There are innumerable examples of ugly incidents where teachers from the public sector have been reduced to the status of second-rate citizens following induction of the private sector in their educational institutions. In order to get even petty things done, they are often required to stand in queue at the gates of distant offices of the Madams or Sirs of the opulent NGOs. These mostly foreign-funded NGOs, or a few well-placed civil or retired military officers, now control the day-to-day affairs of such institutions and no district or provincial education officer is authorized to intervene or come to the rescue of hapless teachers, even for their petty requirements, like furniture and fixtures, basic resources and equipment.

 

It would be appropriate to recall here what transpired on November 29, 2006 when Federal Minister for Education Lt. Gen. (R) Javed Ashraf Qazi visited the USA. The joint statement issued on the conclusion of the visit reaffirmed: “The US has offered Pakistan 200 million US dollars from 2002 till date for educational reform. The amount is now being raised by additional 100 million dollars. The money will be spent, in addition to other schemes, on maintaining contacts for ‘public-private partnerships.’” One is fully justified in asking the authorities why, when the agreement is between two governments, the US should be given the exclusive right to oversee the induction and functional control of ‘private’ bodies in our education sector. The joint statement, which according to the US government relates to an agreement of a strategic nature, confirms how the handsome amount doled out to the Government of Pakistan will be used by its most-favored local and foreign funded NGOs and Christian missionary institutions. This would facilitate, under official protocol, America’s proxy sale and purchase of national academic institutions and their lands on long-term lease. These people, influenced by the US agenda, would have the license to introduce the syllabi and curricula of their choice in institutions under their control.

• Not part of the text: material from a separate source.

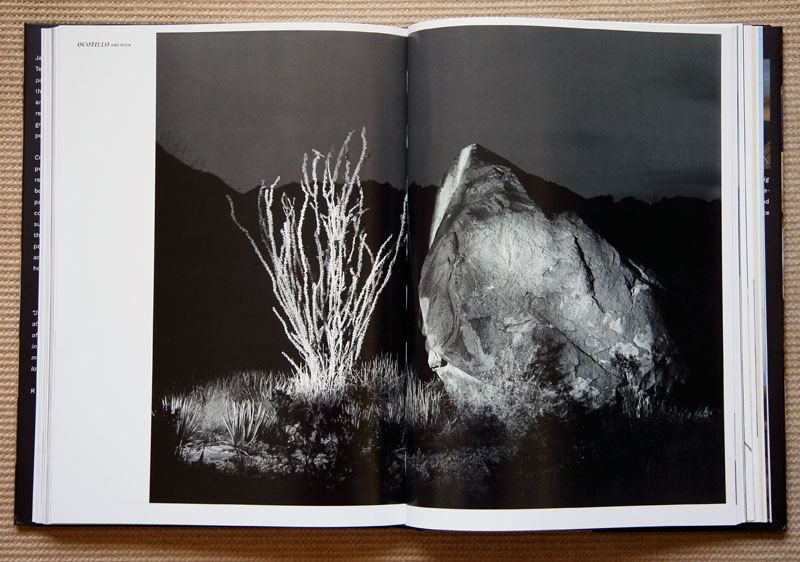 This dense book is a wonderfully large hardcover with dust jacket, with both the black and white as well as the color images very nicely printed. It seems to me that this book’s vertical format was an odd selection for a photographer who worked either in a square format or a very wide panoramic. One of the interior panorama plates is a huge double gate fold, but the wide photographs were either full bleed across the two page spread or a strip of wide ribbon across the two-page spread. Personally, I believe that a horizontal book format might have provided more justice for his body of work.

About a century ago, the Jews similarly started grabbing Palestinian lands and their resources until, finally, they succeeded in establishing the illegitimate State of Israel. The Christian missionary institutions are advancing in the same fashion and educational institutions now under their control give the impression of being states within a state.

 

Mandatory Aptitude Tests:According to the White Paper, “mandatory aptitude tests at secondary level should ensure bifurcation of students into two streams, higher education (humanities, social, Islamic and physical sciences) and technical/vocational training” (p. 49). One wonders how this idea would be translated into practice and which agency would be responsible for conducting these “mandatory” tests? Apparently, the job is going to be entrusted to some Retired General or bureaucrat, or a pro-West NGO, professionally least concerned about education or the national cultural ethos that should be its driving force. Millions of rupees would thus be squandered on an arrangement, which is bound to be yet another factor adversely affecting the future prospects of the younger generation.

 

Islamic Education:Under the heading of “Islamic Education,” the document laments: “The spirit of Ijtehad having been lost due to its lack of enquiry…the Pakistani Muslim is drowned in a sea of bigotry” (p. 52) and, therefore, Islamic education should be tailored so as to produce “proactive [Muslim] thinkers and not reactive incrementalists, whose beliefs degenerate into dogmas.” (p.52) It has thus been recommended that: “The quality and access of publicly funded schools should be raised to the level that there is no compulsion for parents and pupils to be driven to parallel streams of education; be it private tuition, English medium schools or Madrassas.” (p. 52). One is left wondering what relevance this policy recommendation has with Islamic education.

 

In its second recommendation, the document adds: “Similarly, individuals desiring to pursue higher education in Islamic sciences should be encouraged till such time that these seminaries are provider of education and not as indoctrination grounds for any divisive or destructive activities” (p. 52). This, again, reflects an aggressive tone that is devoid of any positive message.

 

It is relevant in this context to quote what the Education Minister recently told newsmen: “The NWFP Government had asked to include in Urdu Textbooks of Class IX more subjects relating to Islamic history and in books of Islamiyat more Ayat (verses of Holy Qur’an) and Ahadith (sayings of Prophet [pbuh]) with their Urdu translation. We have accepted their request, but these changes will be introduced in the NWFP only.” It may be questioned whether such decisions are in line with the concepts of good governance and unity of command.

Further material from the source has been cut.